该项目的主要目标是确定左心房（LA）纤维化患者血栓形成的潜在机制 并通过前瞻性概念验证临床研究来验证这一新知识，心房颤动（AFib）影响了数百万人。 美国人患中风的风险增加了五倍，中风是导致死亡和发病的主要原因。 缺血性中风是由 AFib 患者的血栓栓塞引起的。在没有 AFib 的患者中，未确定的栓塞性中风。 目前 AFib 和 ESUS 中的卒中风险分层工具（例如，ESUS）占缺血性卒中的另外 30%。 CHA2DS2-VASc）的预测准确性不足，导致许多患者要么未得到充分的中风预防治疗，要么过度治疗 越来越多的证据表明，LA 纤维化治疗是一种机械联系。 AFib 和 ESUS 之间的研究是一项非常有前途的进展，可以为预防中风开辟新的途径。 利用这个机会需要详细了解纤维化心房容易形成血栓的机制， 无论有或没有 AFib，纤维化都会对 LA 产生复杂的结构、电和收缩影响。 通过改变 LA 血流动力学独立或协同影响血栓形成风险，但先前的工作尚未系统地 评估相互依赖性或澄清每个因素的相对重要性这是由于与相关的困难。 计算模型的实验操作和获取提供了一种方法。 解决这一关键知识差距的前所未有的机会具体来说，是创建一个多尺度、多层次的平台。 物理框架，可以全面模拟每个独特的患者特异性 LA 的促血栓潜力 我们的中心假设是 LA 纤维化是决定每个人患纤维化风险的关键机制因素。 由结构、电和收缩因素引起的血栓栓塞性中风我们的方法包括三个具体目标。 目标 1 将开发和校准一个集成电生理学、生物力学和机械学的计算框架 我们将参数化患者特异性 LA 模型中的流体模型，特别注意解决纤维化的影响。 该框架使用多模态磁共振成像采集患有既往中风和非 AFib 的 AFib 患者， 目标 2 将使用新的计算框架来系统地表征机械连接。 我们将检查每个人的纤维化程度/模式、LA 解剖结构、 和对突发机电现象的敏感性相结合（有或没有模拟 AFib）来创建 目标 3 将验证可通过计算建模表征的血栓形成环境。 我们将在一项概念验证前瞻性临床研究中研究纤维化与复发性中风/脑微梗死的风险之间的关系。 检查一组高危 ESUS 患者，但特别是目前没有口服抗凝药物的指征，我们将测试是否存在这种情况。 模型预测的 LA 形状、纤维化模式、机电紊乱和血液紊乱的血栓形成组合 我们经过验证的多物理建模框架将存在于经历更多不良后果的患者中。 首次对纤维化介导的中风机制产生新的见解，并为数百万人的新治疗方法铺平道路 处于抗凝治疗边缘候选者的患者（例如，具有中等风险评分的 ESUS 或 AFib 患者）。

项目成果

Pulmonary vein flow split effects in patient-specific simulations of left atrial flow.

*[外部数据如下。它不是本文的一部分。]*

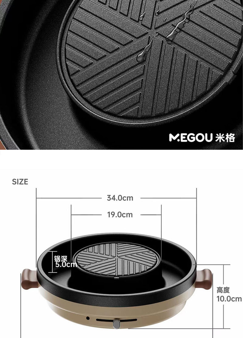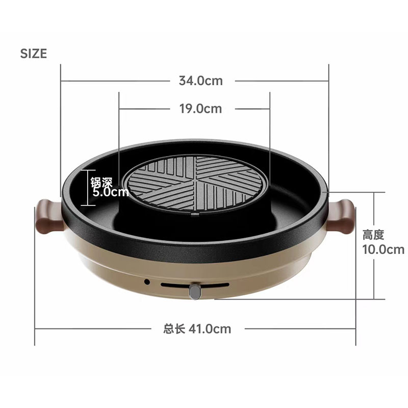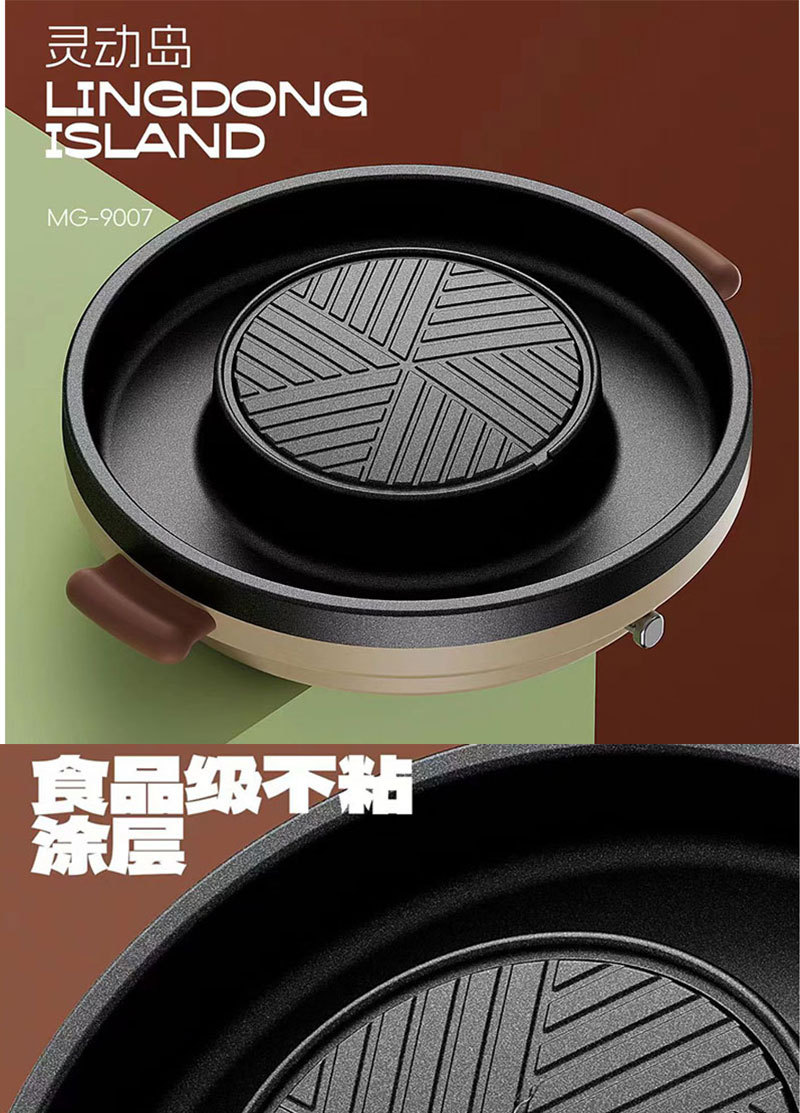 外贸跨境韩式涮烤锅多功能电热锅圆形电热锅家用烤涮煎煮电火锅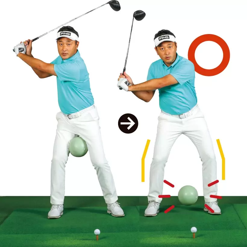 太モモの間に挟んだボールを落としながら振れると右腰が下がらない。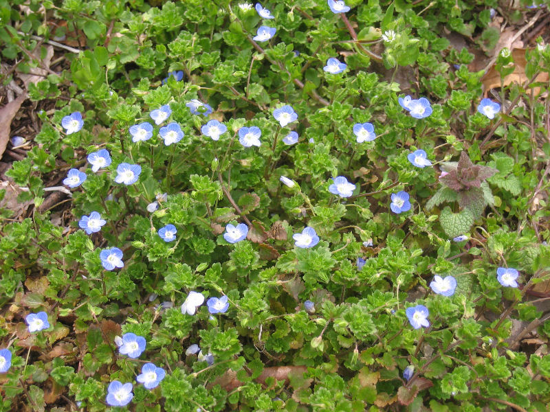 ●オオイヌノフグリ:(4月2日撮影、横浜市緑区内の三保市民の森の広場で) 花言葉=「誠実・清浄」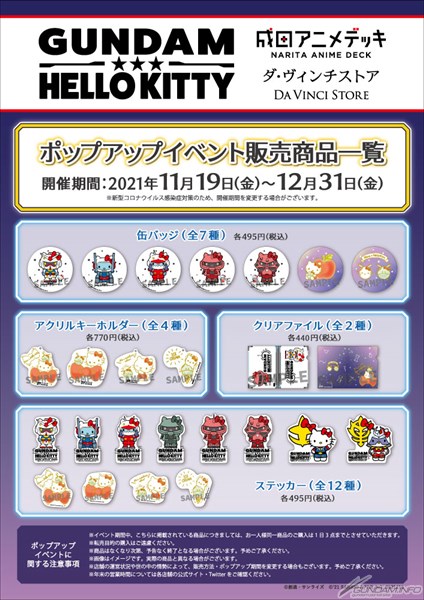 快閃店將會有使用「高達★Hello Kitty」、「馬沙專用渣古II★Hello Kitty」及「哈囉★Hello Kitty」等插圖的精品齊聚一堂。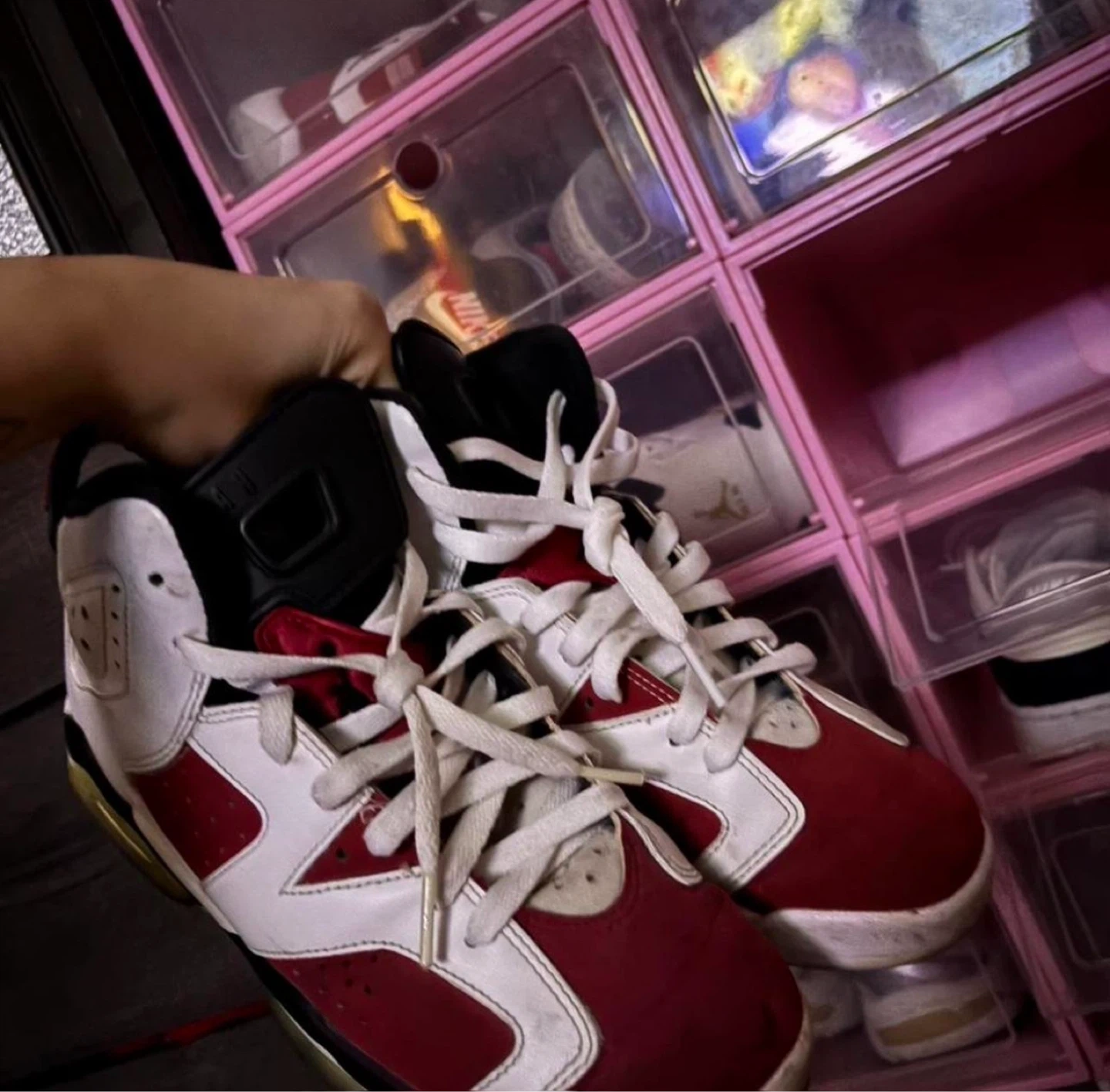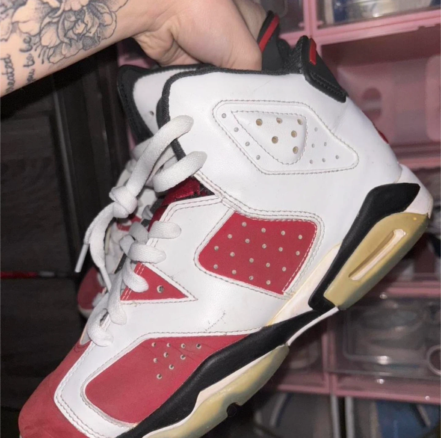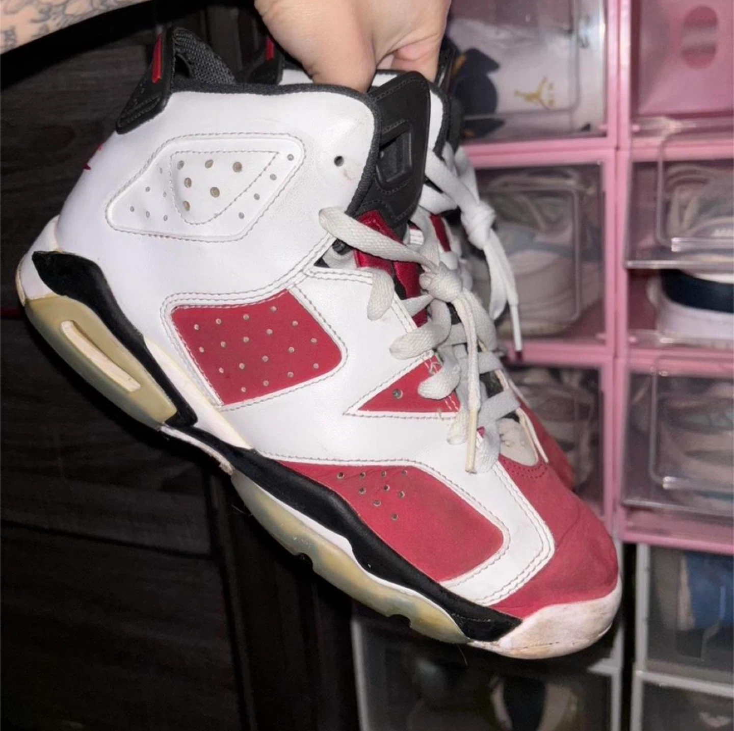 Selling a pair of Jordan 6 Retro Carmine (2021) sneakers! They are in good condition and ready for a new owner. Perfect for everyday wear or for adding to your collection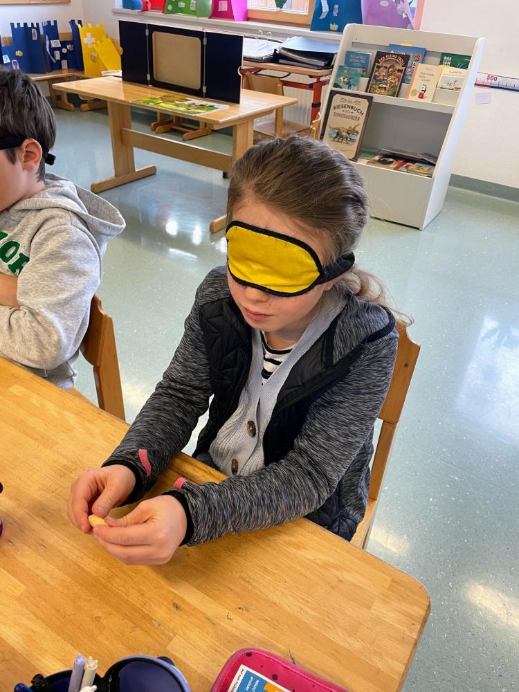 Ein besonderes Highlight war der Abschluss des Workshops: Beim blinden Verkosten verschiedener Lebensmittel waren Mut und gute Sinne gefragt. Die Kinder hatten viel Freude beim Erraten.
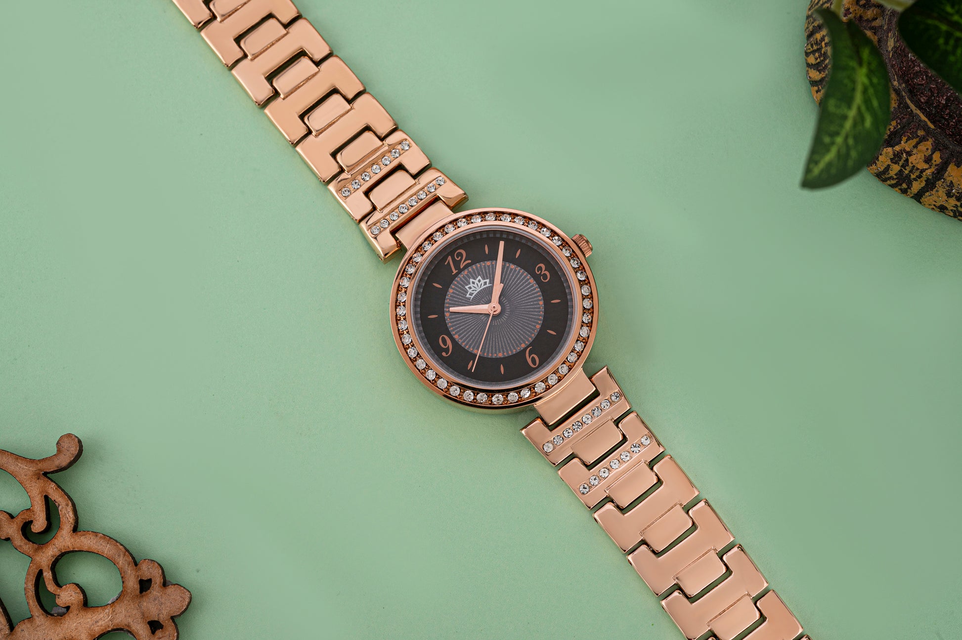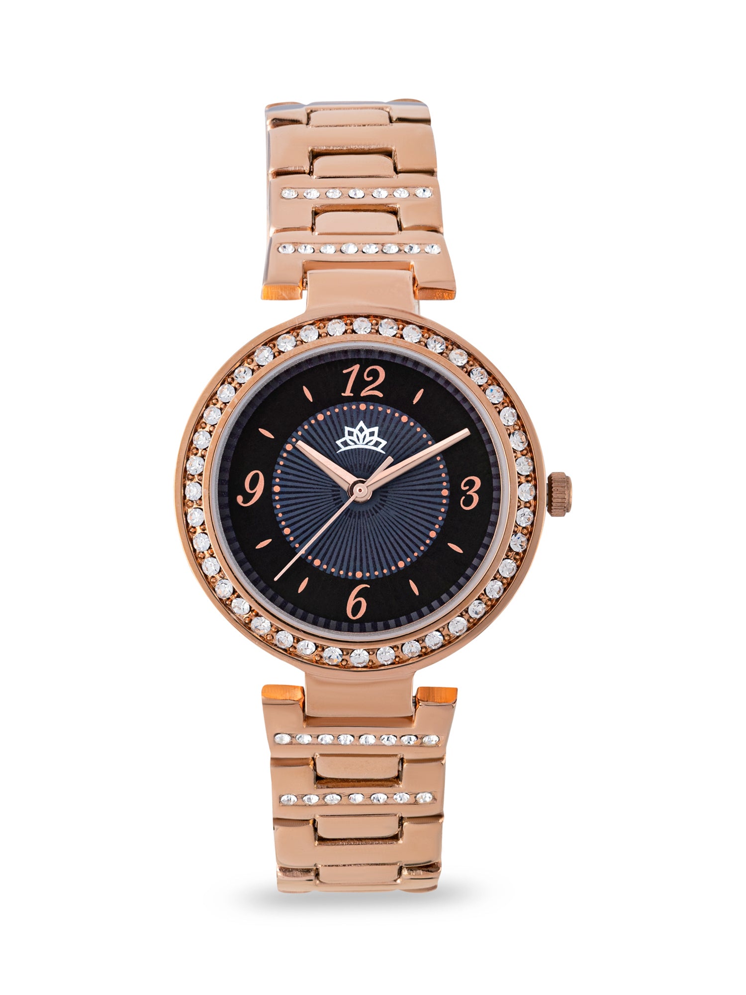 The Dhyara women’s watch is designed to exude elegance and sophistication. Featuring a refined black dial with rose gold accents, it is framed in a sparkling crystal-studded bezel and matched with a rose gold-tone strap embellished with crystal detailing. This stylish timepiece makes the perfect accessory for parties, formal occasions, or daily wear with a touch of luxury.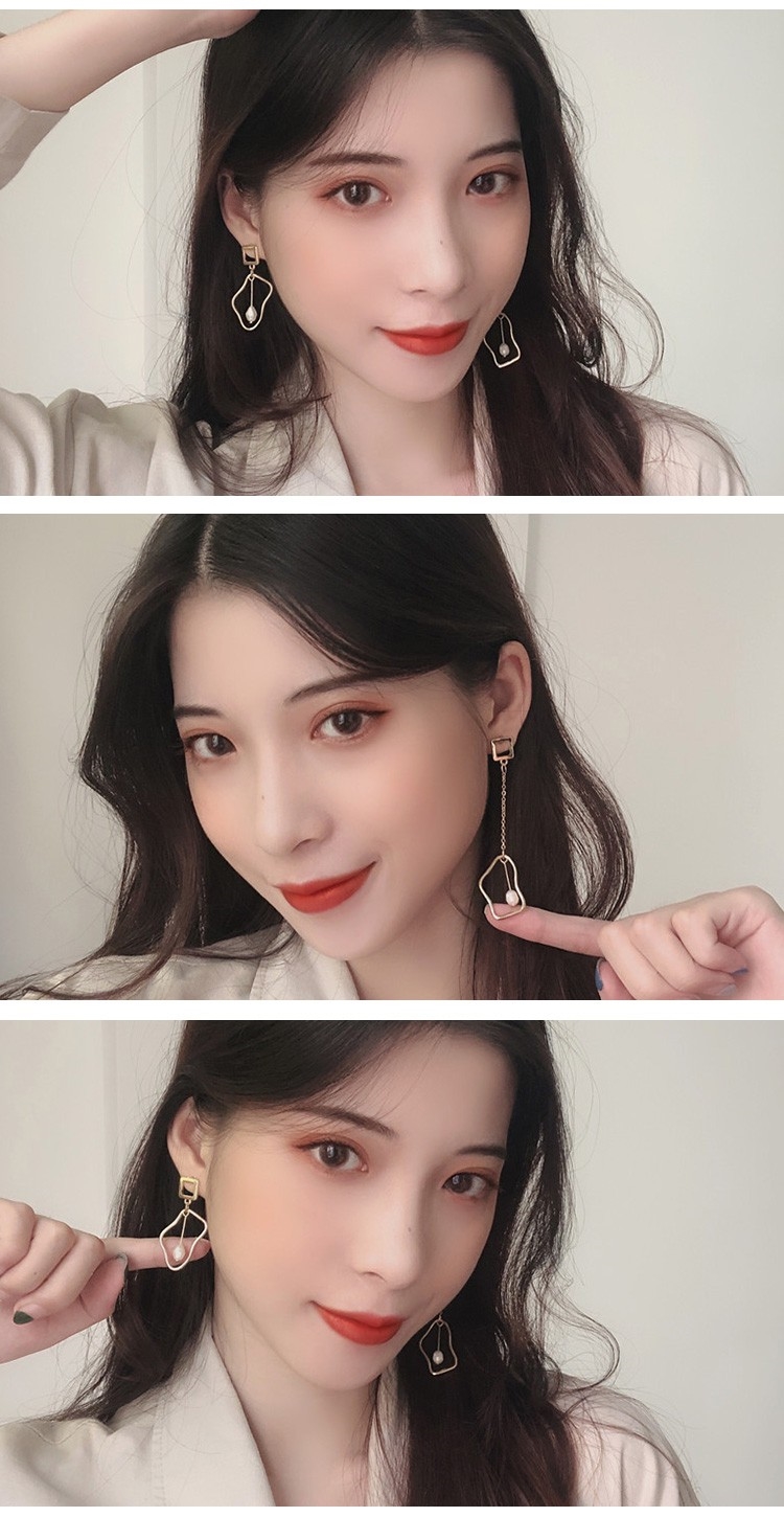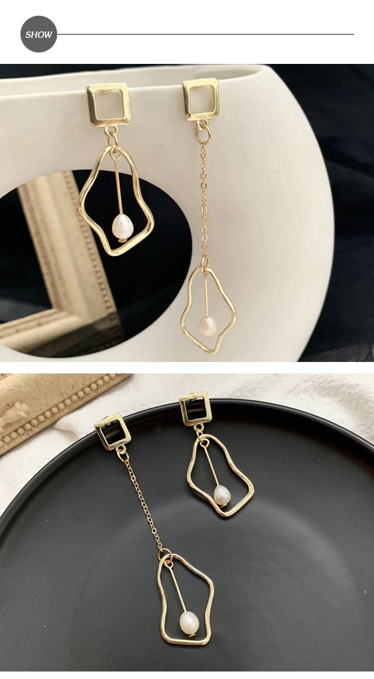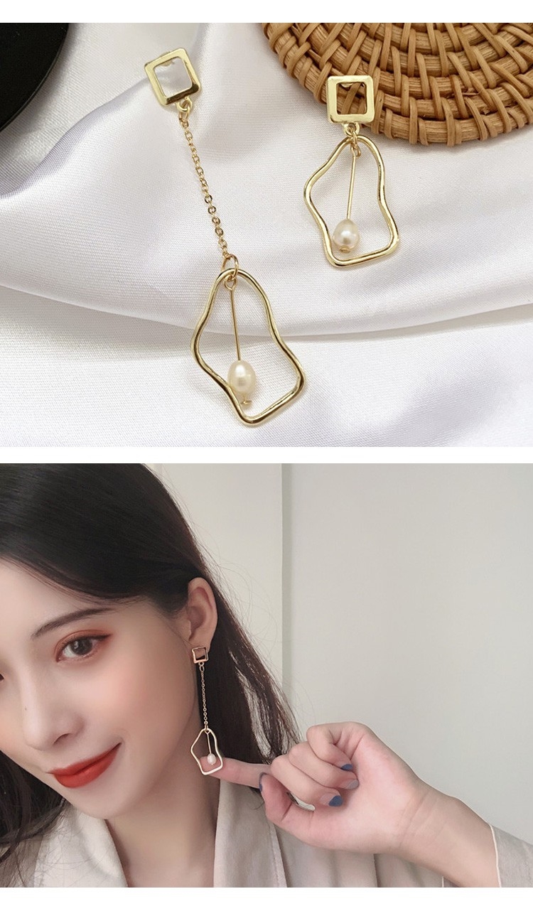 【INES】韓國設計S925銀針不規則金屬縷空幾何形狀珍珠長耳環

• DOI: 10.1016/j.compbiomed.2023.107128
• 发表时间: 2023-09
• 期刊: Computers in biology and medicine
• 影响因子: 7.7

Cryoballoon temperature parameters during cryoballoon ablation predict pulmonary vein reconnection and atrial fibrillation recurrence.

冷冻球囊消融期间的冷冻球囊温度参数可预测肺静脉重新连接和心房颤动复发。

• DOI: 10.1007/s10840-022-01429-0
• 发表时间: 2023
• 期刊: Journal of interventional cardiac electrophysiology : an international journal of arrhythmias and pacing
• 作者: Chahine,Yaacoub;Afroze,Tanzina;Bifulco,SavannahF;Macheret,Fima;Abdulsalam,Nashwa;Boyle,PatrickM;Akoum,Nazem
• 通讯作者: Akoum,Nazem

MRI-quantified left atrial epicardial adipose tissue predicts atrial fibrillation recurrence following catheter ablation.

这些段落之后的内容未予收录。